“O people of hypocrisy! This land is yours, and the disgrace within it is of your own making. I merely wandered through and presented a scant sample of its contents for display. If you find it ugly and disfigured, do not blame me; instead, blame yourselves. Criticise the origin, not the mirror reflecting it. O hypocrites! This narrative belongs to you. Let he who is without hypocrisy cast the first stone at me.”
Youssef Al-Sibaei, “The Land of Hypocrisy”
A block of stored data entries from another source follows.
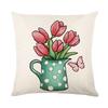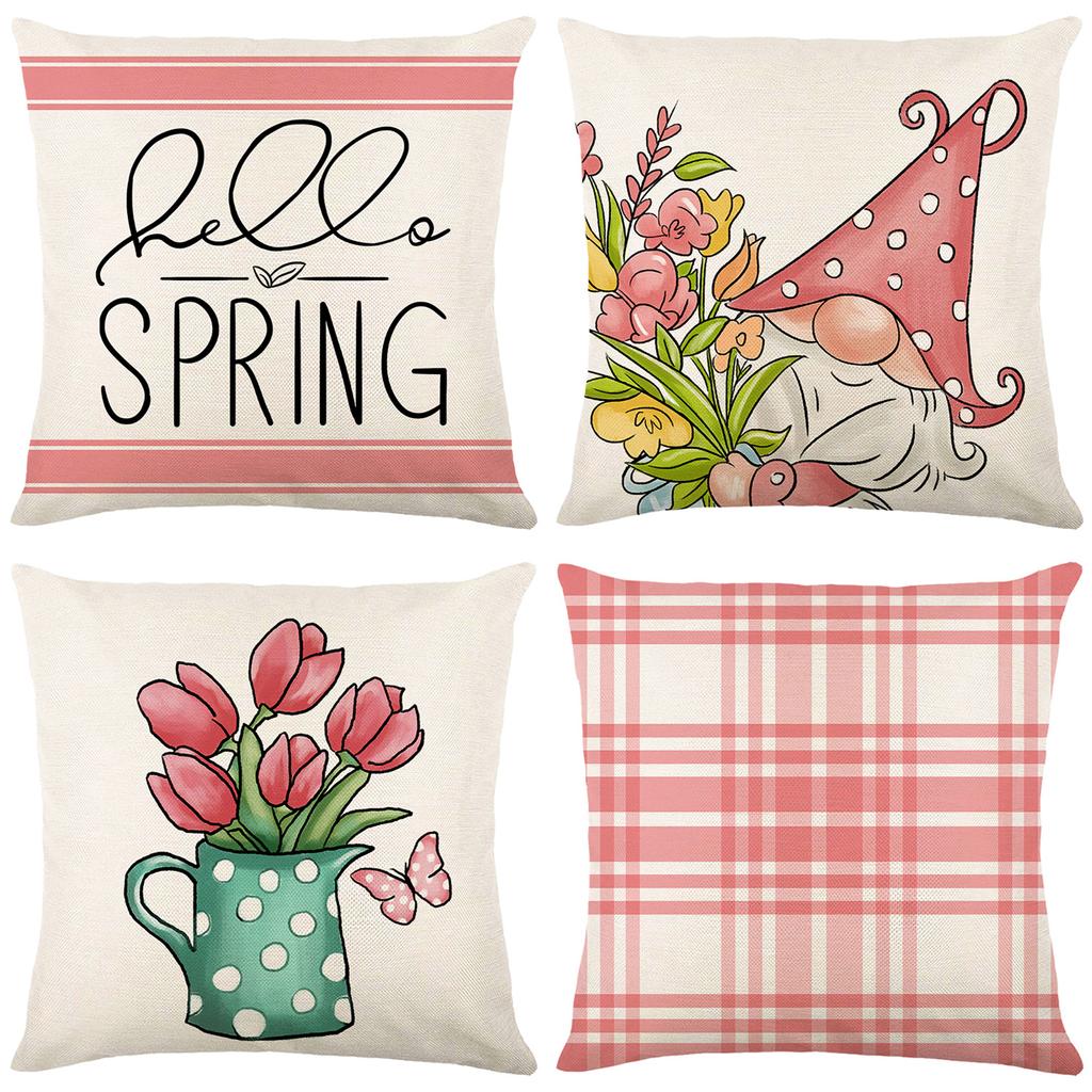 Pink Plaid Printed Pillow Cover Spring Plant Flowers Polyester Letters Home Bedroom Cushion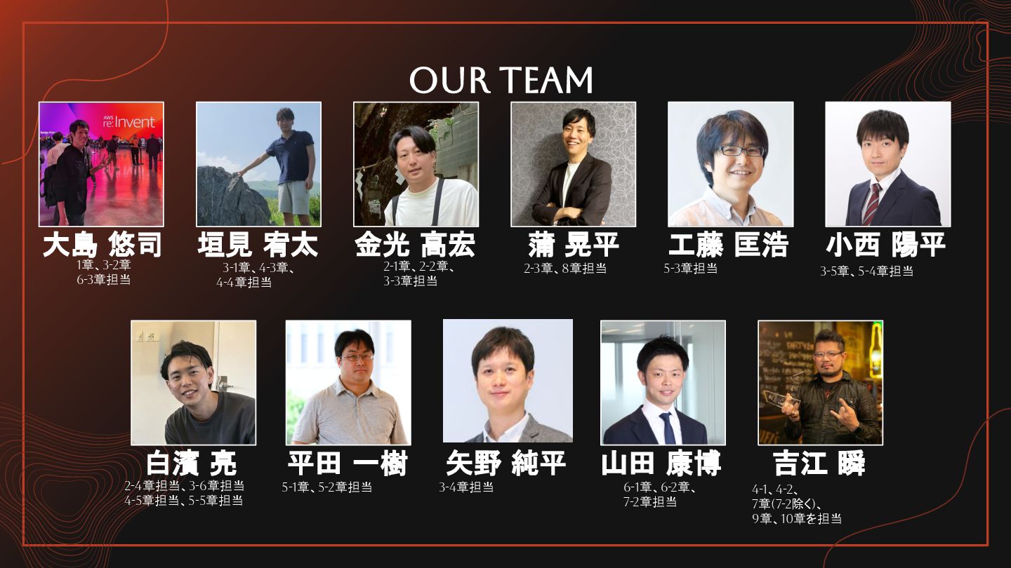 工藤 匡浩 小西 陽平 1章、3-2章 6-3章担当 3-1章、4-3章、 4-4章担当 2-1章、2-2章、 3-3章担当 2-3章、8章担当 5-3章担当 3-5章、5-4章担当 白濱 亮 平田 一樹 矢野 純平 山田 康博 吉江 瞬 2-4章担当、3-6章担当 4-5章担当、5-5章担当 5-1章、5-2章担当 3-4章担当 6-1章、6-2章、 7-2章担当 4-1、4-2、 7章(7-2除く)、 9章、10章を担当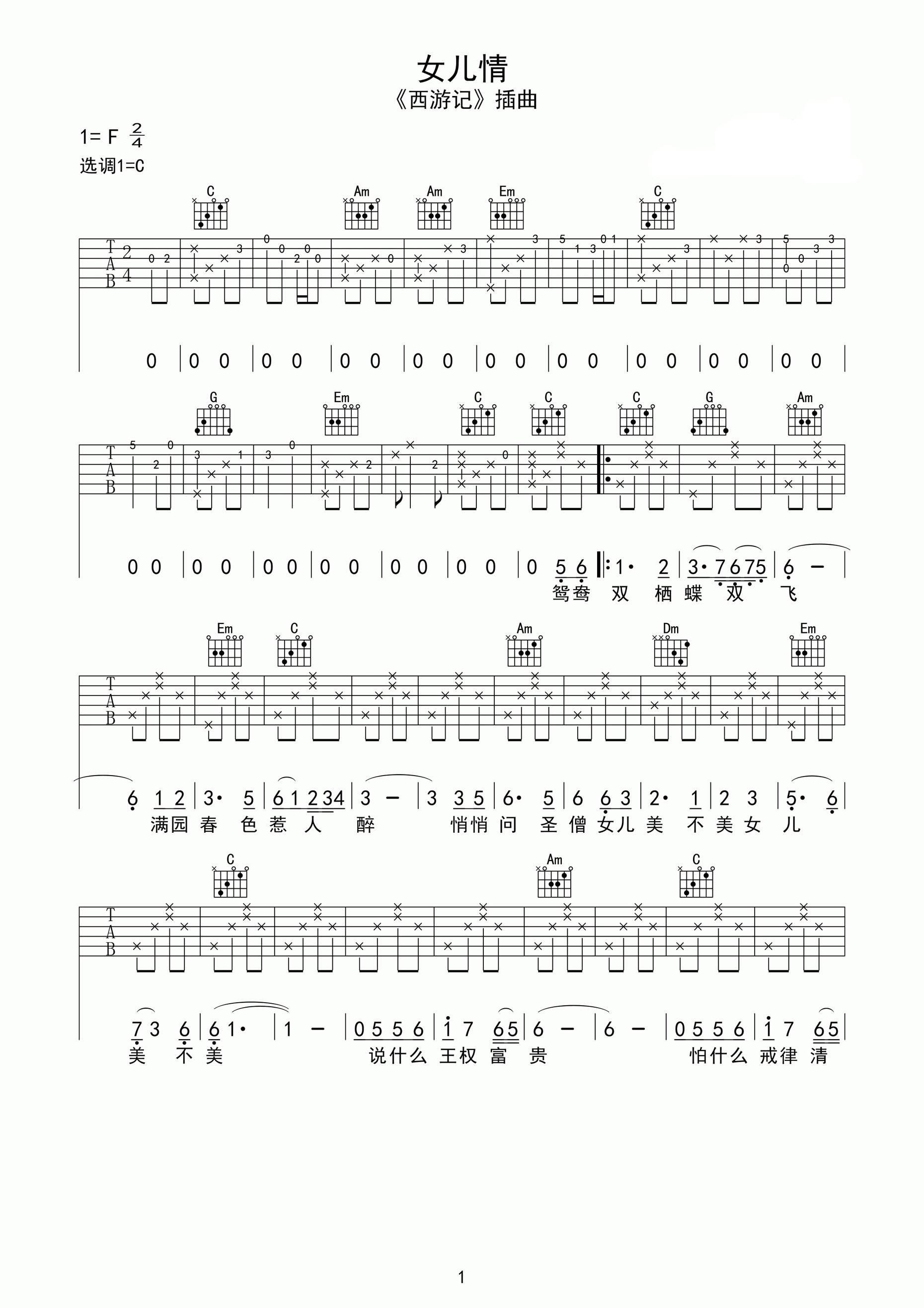 曲谱介绍:   韩寒导演的电影《后会无期》中,有这样一幕难忘的场景,不知道你是否记得?当男主人公马浩汉与刘莹莹道别之后,忽然响起万晓利翻唱的《西游记》插曲——《女儿情》。背景音乐和人物画面的相互演绎,成为整部电影最亮眼的镜头之一。   林俊杰在浙江卫视某节目演唱《女儿情》,这首歌后来又被林俊杰、冯绍峰和李玉刚等多位明星翻唱,红遍大江南北。歌曲的背后,唐僧与女儿国国王的“情缘”又被人们重新拾起,有了各种各样的解读。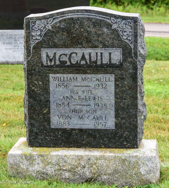 Inscription: McCAULL / William McCaull / 1856 - 1932 / His Wife / Annie Lewis / 1854 - 1938 / Their Son / Von McCaull / 1883 - 1957.1  Tombstone, William McCaull (1856-1932), his wife Annie Lewis (1854-1938), their son Von McCaull (1883-1957). Peoples Cemetery, Freetown, Prince County, Prince Edward Island, Canada.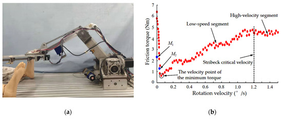 In order to identify the friction parameters of the rotating joint friction model, it is necessary to establish a mapping between the friction torque and the joint velocity of the rotating joint at low velocity. Combined with the variable torque compensation device of the robot arm, the gravity of the big arm and forearm of the robot can be compensated in real time, and the impact of load on the friction torque at the robot joints can be ignored [28]; = 0.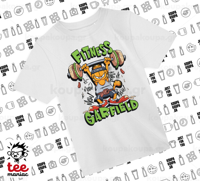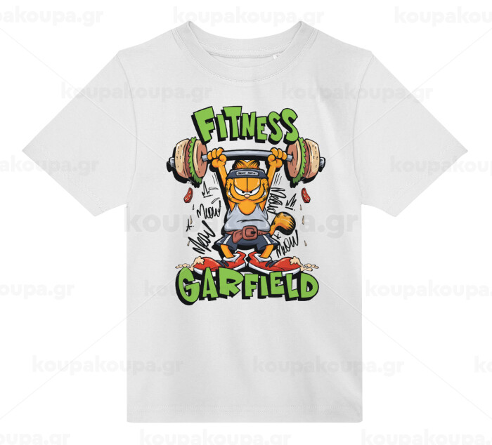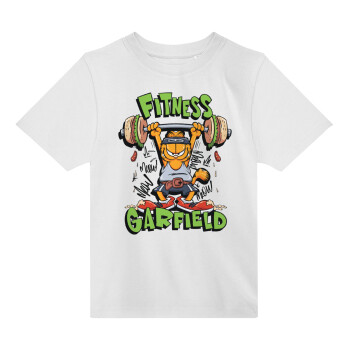 Garfield Fitness, Άνετο παιδικό T-Shirt ΛΕΥΚΟ από 100% βαμβάκι, για κάθε μέρα. Vegan & OEKO-TEX πιστοποιημένο.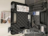 Vier austauschbare Palmswell-Griffeinsätze für optimale Handpassung und Abzugsreichweite – S, M, ML, L und 4 Magazine zu je 17 Schuss. Sowohl die griffschalen als auch 3 Magazine wurden nie benutzt.

The history of hypocrisy in Arab culture is longstanding, deeply rooted, and has extensive branches.
The mediaeval Fatimid Caliph of Egypt Al-Muizz li-Din Allah was famously praised by the poet Ibn Hani in a poem that begins, “You will what you desire, not as fate wills... Rule, for you are the one, the subduer. It is as if you are the Prophet Muhammad... And as if your supporters are the Ansar. Behold, Egypt became more enviable to other regions the moment you became its guardian.”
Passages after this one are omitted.